Crac! is an enchanting 15mn animated short by Frédéric Back originally released in 1981 and featuring a great collection of songs and tunes from the traditional French Canadian repertoire performed by folk group Le Rêve du Diable. Borrowing its name from a traditional reel of English/Irish origin (the devil’s dream), the band was formed in Lévis (Québec) in 1974 and was instrumental in keeping the dynamic French Canadian oral tradition alive while encouraging the creation of similar bands such as La Bottine Souriante for instance.
Still active today, Le Rêve du Diable have just released their eighth studio album Avec Tambour et Trompette in November 2013 and are getting ready to celebrate their 40th anniversary in 2014.

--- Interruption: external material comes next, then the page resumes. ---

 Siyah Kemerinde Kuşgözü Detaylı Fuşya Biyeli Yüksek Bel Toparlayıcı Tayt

Born in Germany in 1924, Frédéric Back emigrated to Montréal in his mid-twenties and went on to enjoy a successful career as a painter, illustrator and animator with CBC/Radio Canada. Between 1970 and 1993, Frédéric Back produced nine short animated films which earned him four Academy Awards nominations and two wins for Crac! in 1982 and for The Man Who Planted Trees in 1987, the latter film cementing his international reputation as a major film director.

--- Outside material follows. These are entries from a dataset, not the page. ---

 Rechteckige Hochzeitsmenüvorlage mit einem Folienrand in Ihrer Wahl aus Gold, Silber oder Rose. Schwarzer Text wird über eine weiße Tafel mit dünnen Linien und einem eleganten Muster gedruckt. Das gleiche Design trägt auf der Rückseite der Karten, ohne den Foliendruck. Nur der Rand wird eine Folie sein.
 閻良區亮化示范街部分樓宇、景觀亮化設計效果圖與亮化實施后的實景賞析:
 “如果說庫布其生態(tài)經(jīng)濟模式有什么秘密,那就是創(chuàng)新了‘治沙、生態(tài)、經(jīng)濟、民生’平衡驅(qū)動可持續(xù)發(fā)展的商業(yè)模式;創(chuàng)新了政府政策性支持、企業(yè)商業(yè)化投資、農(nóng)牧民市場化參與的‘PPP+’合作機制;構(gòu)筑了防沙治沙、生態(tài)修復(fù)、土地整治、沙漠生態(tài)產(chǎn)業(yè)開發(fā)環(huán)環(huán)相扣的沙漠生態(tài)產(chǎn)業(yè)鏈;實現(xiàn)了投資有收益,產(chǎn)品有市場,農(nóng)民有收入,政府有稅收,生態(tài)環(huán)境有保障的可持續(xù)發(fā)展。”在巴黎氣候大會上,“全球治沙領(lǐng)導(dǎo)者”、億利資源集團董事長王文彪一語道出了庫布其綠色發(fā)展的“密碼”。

Focusing on a rocking chair, “Crac!” chronicles the life of a family in Quebec and by extension, the rapid modernisation of the province. While celebrating a bygone traditional way of life as well as Quebec’s artistic and musical culture, the short “implicitly asks: Should we be so eager to trade in time-tried values for every latest fad?” (Frédéric Back).

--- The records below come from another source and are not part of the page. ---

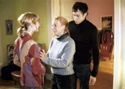 Mala (Floriane Daniel, M.) ist überzeugt, dass der Transvestit Jean vor ihr steht, dabei handelt es sich um Carlos (Marc Hosemann, r.) Ex-Freundin Jeanette (Nadeshda Brennicke, l.).Bild: © Sat.1 emotions
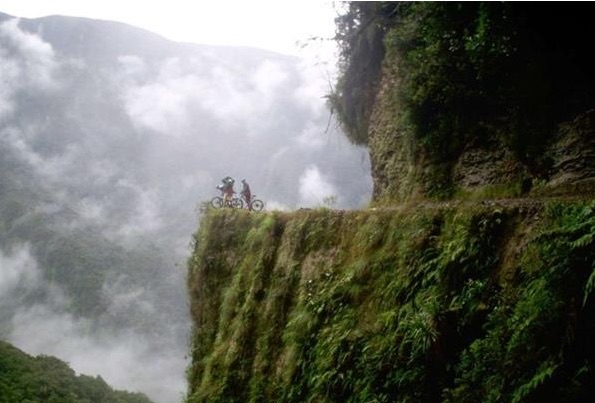 玻利维亚的永加斯路又名“死亡之路”,从这绰号上就能得知这条公路的可怕绝非儿戏,粗略统计,每年在这条公路上丧生的人数为200-300人。一面是大约600米深的悬崖,一面是垂直的峭壁,顿时给人一种想逃都无处可逃的压迫感。
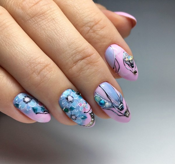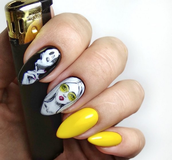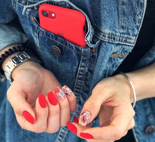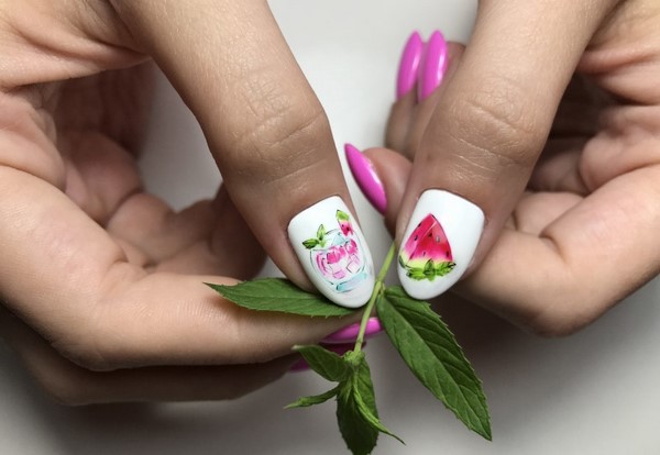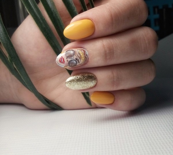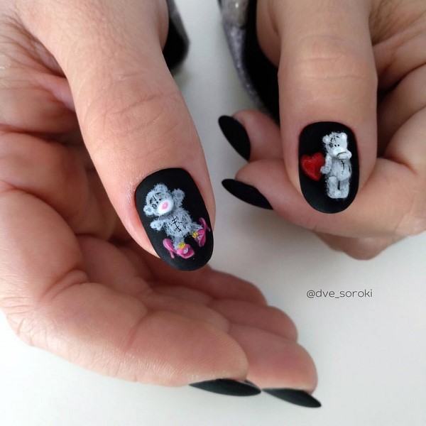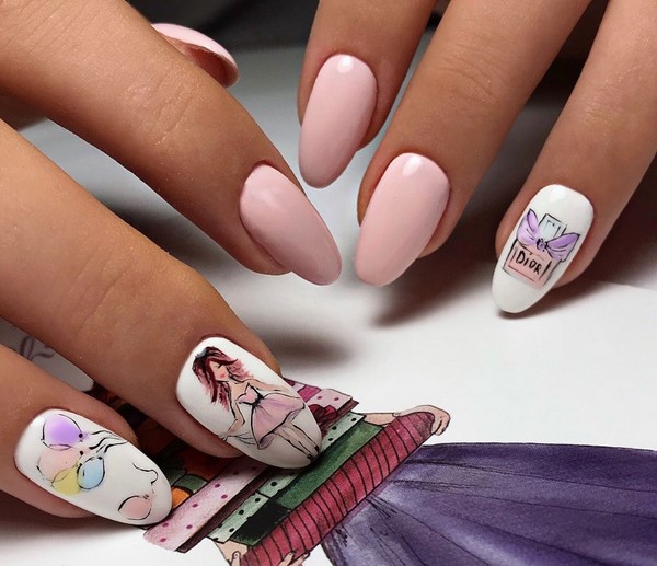 Pour les jeunes filles qui s'ennuient du design avec les solutions habituelles de design pour les ongles, nous suggérons de faire attention au design combinant tendance du vernis à ongles avec gel, gel pour manucure avec des images amusantes de la saison 2025-2026.
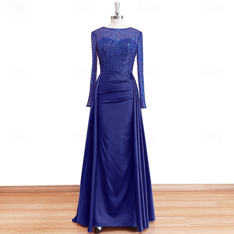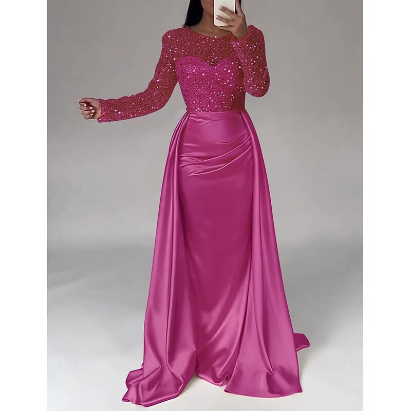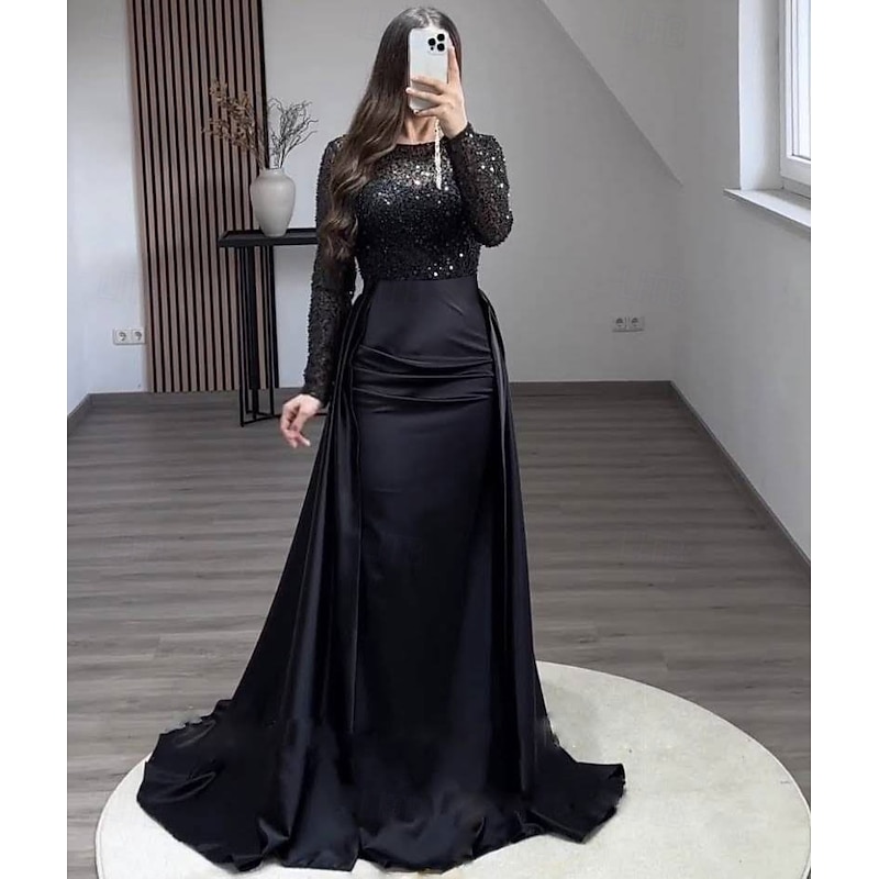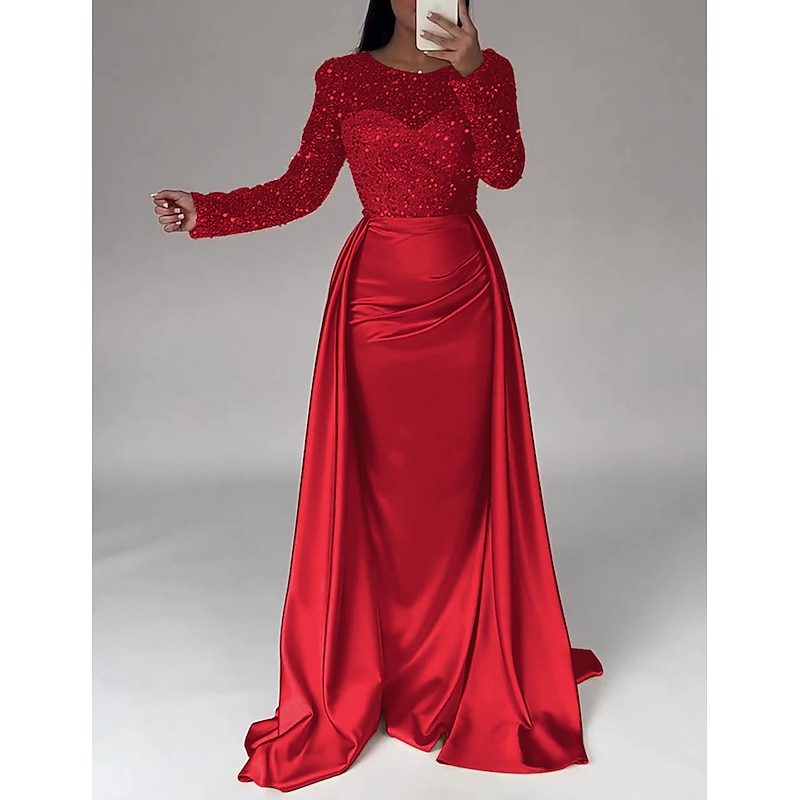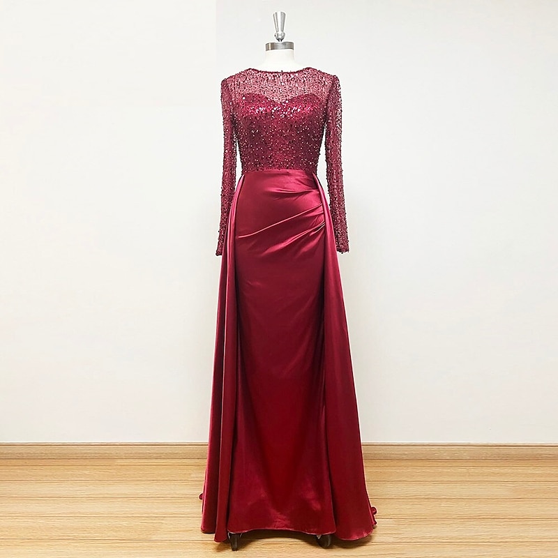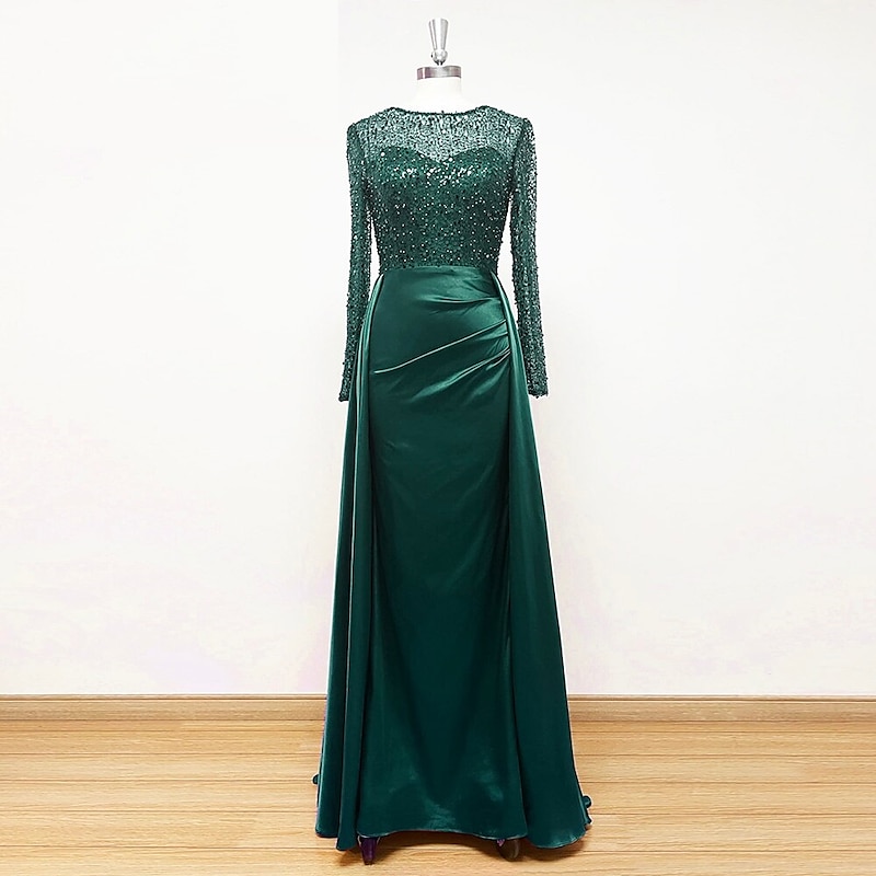 Mermaid Sequin Evening Gown RuchedSatin Dress Long Sleeves Masquerade Floor Length Illusion Neck with Pearls Overskirt dress 1

All of Frédéric Back’s animated films are literally handcrafted. Working alone, Back developed and perfected over the course of his career his own trademark animation techniques. From the late 1970s onwards, instead of painting on transparent sheets of cellulose acetate (cel), he started using wax-based coloured pencils and chalk pastels on frosted sheets of cel. Combining these drawing techniques with the use of loops, multiple layers and complex camera movements gave Back’s films their inimitable warmth, fluid movement and vibrant colours. Designed and composed by Normand Roger and performed by Denis Chartrand and Le Rêve du Diable, Crac’s delightful soundtrack is taking centre stage:
Back always found it fascinating to see his images come to life through the appropriate sound and music and, indeed, feels that the success of Crac! is at least in part due to the traditional Quebec folk music that propels the film and delights the audience.